▶ [Provided records]

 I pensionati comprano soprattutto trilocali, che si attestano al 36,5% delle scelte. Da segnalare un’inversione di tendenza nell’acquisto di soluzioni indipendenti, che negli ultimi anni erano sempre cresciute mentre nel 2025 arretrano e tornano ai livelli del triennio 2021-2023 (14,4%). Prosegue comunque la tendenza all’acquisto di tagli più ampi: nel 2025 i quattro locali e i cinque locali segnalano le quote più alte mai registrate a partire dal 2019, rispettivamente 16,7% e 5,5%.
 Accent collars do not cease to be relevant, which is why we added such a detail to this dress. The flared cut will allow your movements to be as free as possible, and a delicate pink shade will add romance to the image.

--

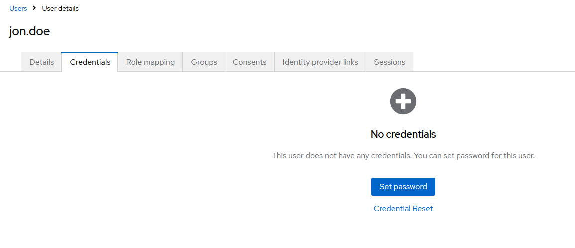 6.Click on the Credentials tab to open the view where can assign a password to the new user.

* * *

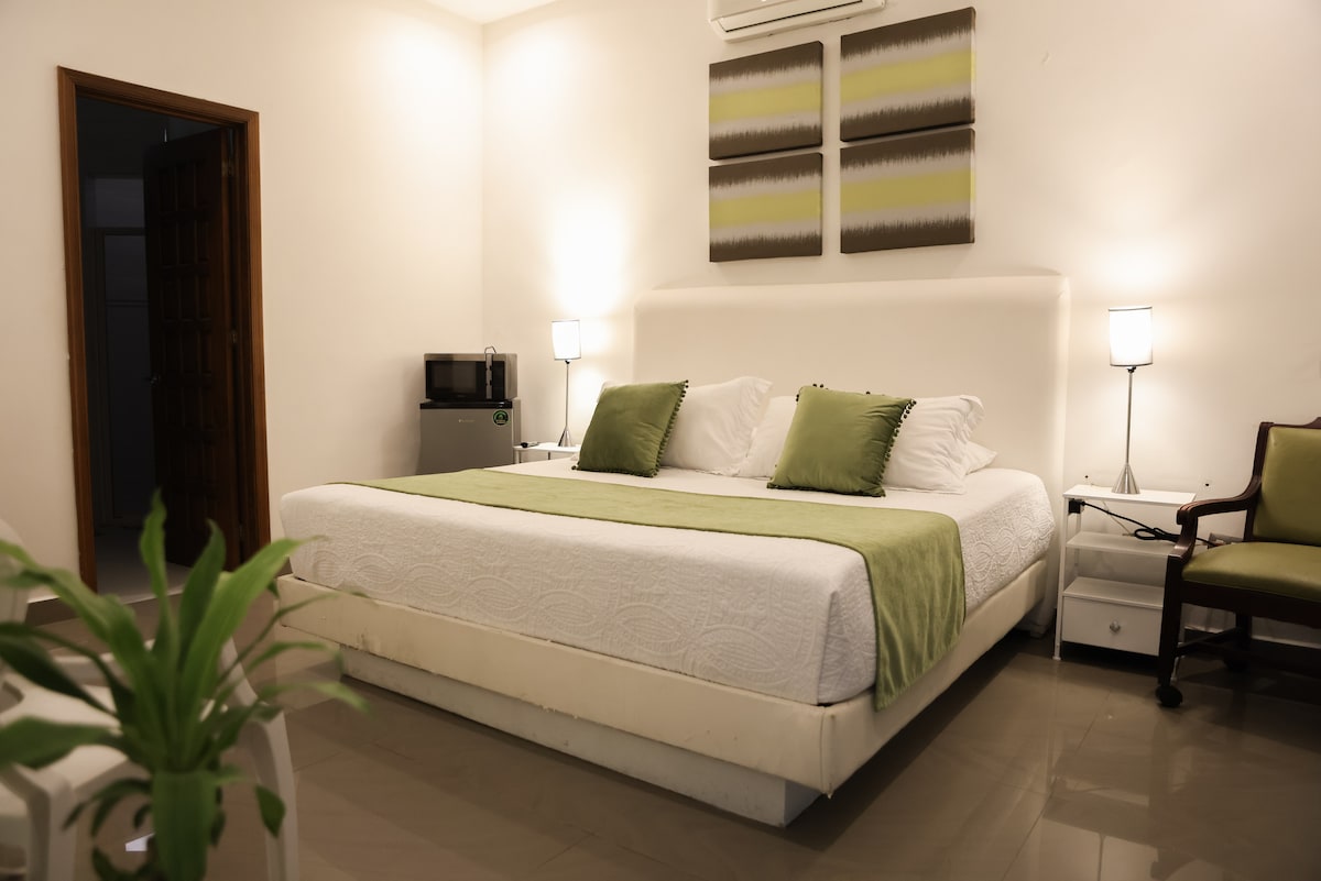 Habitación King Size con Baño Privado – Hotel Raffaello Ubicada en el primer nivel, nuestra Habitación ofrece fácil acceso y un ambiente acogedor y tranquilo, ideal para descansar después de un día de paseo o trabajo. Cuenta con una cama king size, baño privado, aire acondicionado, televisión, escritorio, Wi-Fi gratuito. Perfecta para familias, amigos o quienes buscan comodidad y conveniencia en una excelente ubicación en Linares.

▶ [What you should do] Everything above from the line containing "I pensionati comprano" down to the line containing "Accent collars do" is to be transcribed exactly, with both of those lines included and nothing else added.

▶ [Output of the task]
 I pensionati comprano soprattutto trilocali, che si attestano al 36,5% delle scelte. Da segnalare un’inversione di tendenza nell’acquisto di soluzioni indipendenti, che negli ultimi anni erano sempre cresciute mentre nel 2025 arretrano e tornano ai livelli del triennio 2021-2023 (14,4%). Prosegue comunque la tendenza all’acquisto di tagli più ampi: nel 2025 i quattro locali e i cinque locali segnalano le quote più alte mai registrate a partire dal 2019, rispettivamente 16,7% e 5,5%.
 Accent collars do not cease to be relevant, which is why we added such a detail to this dress. The flared cut will allow your movements to be as free as possible, and a delicate pink shade will add romance to the image.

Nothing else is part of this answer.